Life Lessons From Yoga – Introduction

I am dedicating the month of August to all the life philosophies I have learned from yoga.  I began practicing for fitness more than anything when I moved to Houston around 2005.  Since that time, my appreciation and understanding of yoga has grown considerably and I’m to the point I would like to share many of the wonderful things the practice has taught me about how to live.

Like most people, I started yoga for the physical health benefits and, for that reason, I expected it to have only physical results.  What I didn’t realize is how profound of an effect yoga would have on my emotional and mental health as well.  It ushered forth realizations and helped me learn to be strong, tenacious and confident when those realizations brought me stress, pain, anxiety, or healthy fear.

I also didn’t realize that yoga is a way to develop spiritually.  The asanas, or poses, subtly affect the body and allow transformations to occur, new ways of seeing things and growing.

Yoga does definitely have a physical component, but I think a lot of people think the physical aspects just means an ability to stretch and bend.  Strength and balance are just as important as flexibility in yoga.
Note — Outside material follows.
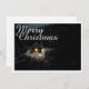 The card shows an atmospheric, wintry scene with a small, illuminated wooden hut in the middle of a snow-covered forest. The warm light source inside creates a beautiful contrast to the dark, peaceful surroundings. The elegant "Merry Christmas" lettering in white gives the motif a festive touch. 🎄✨
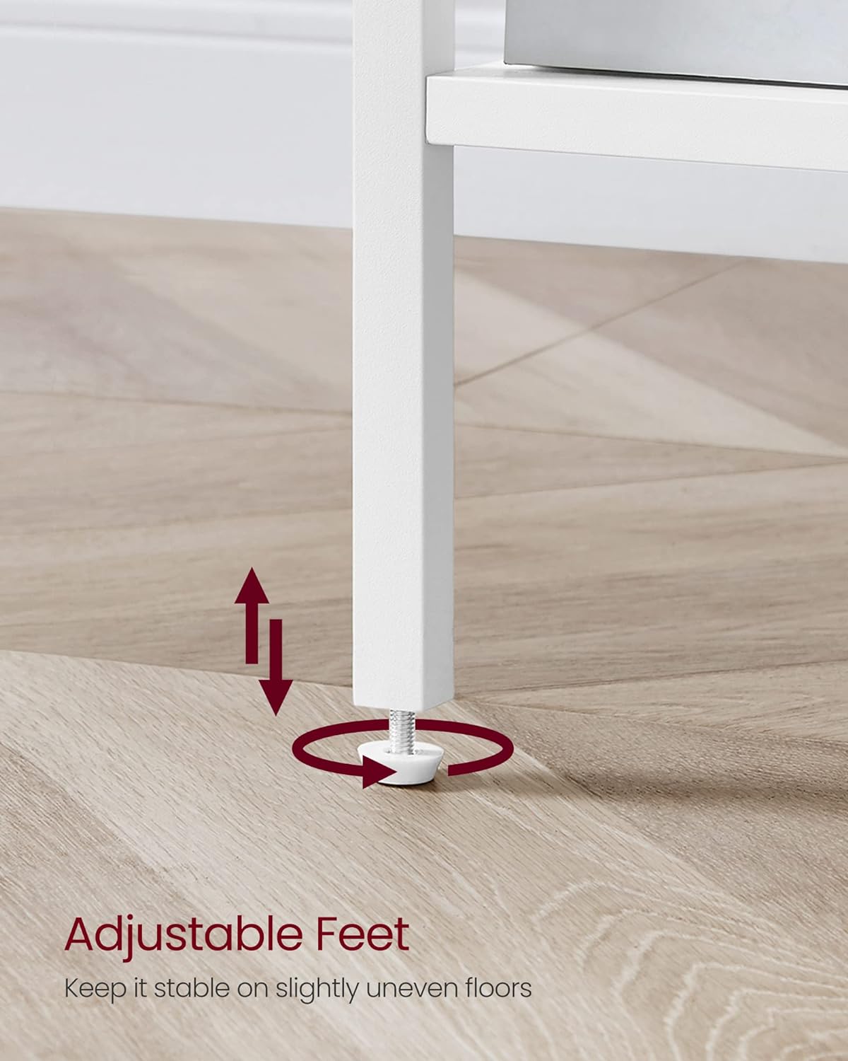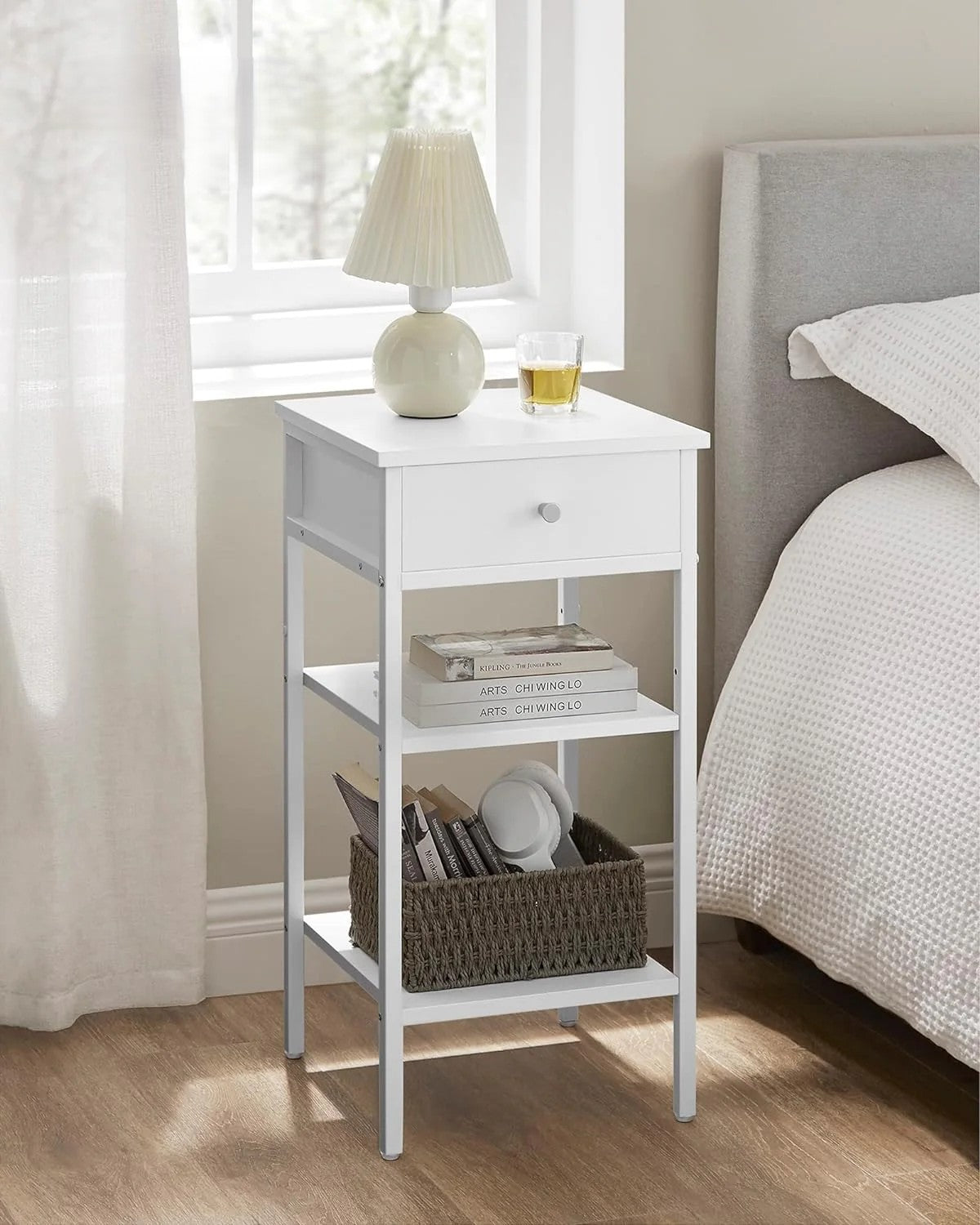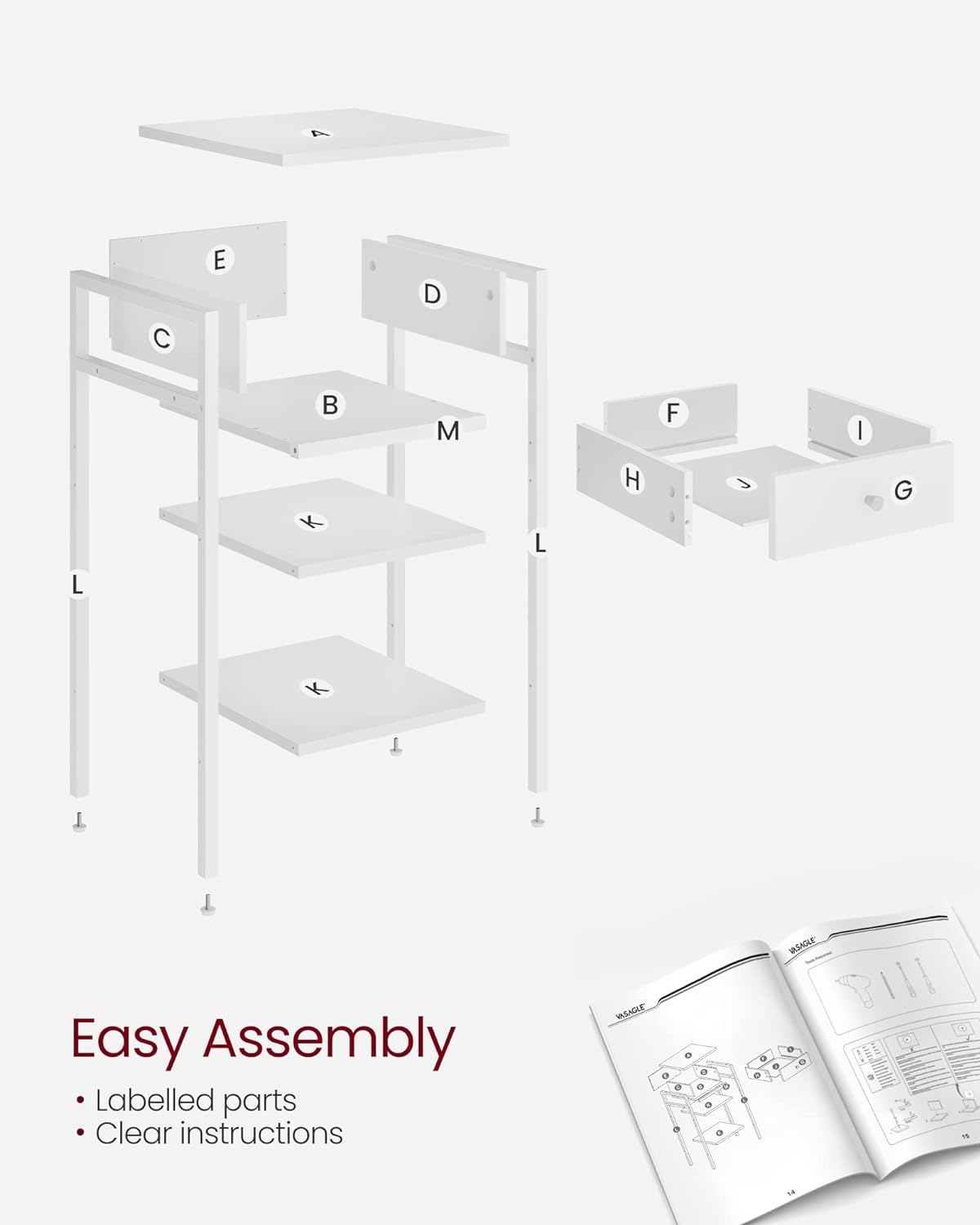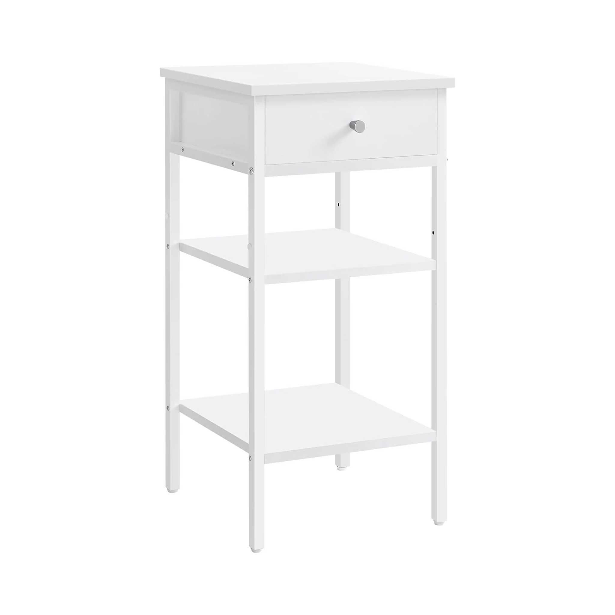 [Sturdy Construction] Constructed from high-quality particleboard and steel, this side table features a sturdy structure that holds up to 40 kg in total: 20 kg on the top, 5 kg in the drawer, and 10 kg per shelf–you can safely store all your items

But you don’t need to already possess these things to reap the benefits of yoga.  In fact, if you aren’t flexible or strong, these are the main reasons you should be doing yoga.

I was drawn to yoga from a young age and I remember checking books out of the library when I was 12 years old and practicing them after the kids I was babysitting had gone to sleep.  Perhaps my love of gymnastics when I was young allowed me to appreciate the amazing ways the body could be manipulated with enough time, focus and dedication and how the mind can’t help but follow.

I once worked with a guy that had a theory that every person had one particular thing in life that they were attracted to.  His was the air through his hair and he sought this by driving a convertible, or being out on a boat or a motorcycle.  I thought about that and I realized that the one thing I was always seeking was a peaceful and meditative bliss, a quiet mind where things from the deep could bubble upward.  I discovered that one of the easiest ways for me to find that state I craved was to put my body through a rigorous physical ordeal, to essentially summon a trance.  It explains why I quit sports like basketball and could never get in to things like bootcamp fitness classes or anything else that involves someone hollering at me!  Working out or doing yoga is my time to release my thoughts, to put my body in to a flow while my mind clears and churns up solutions.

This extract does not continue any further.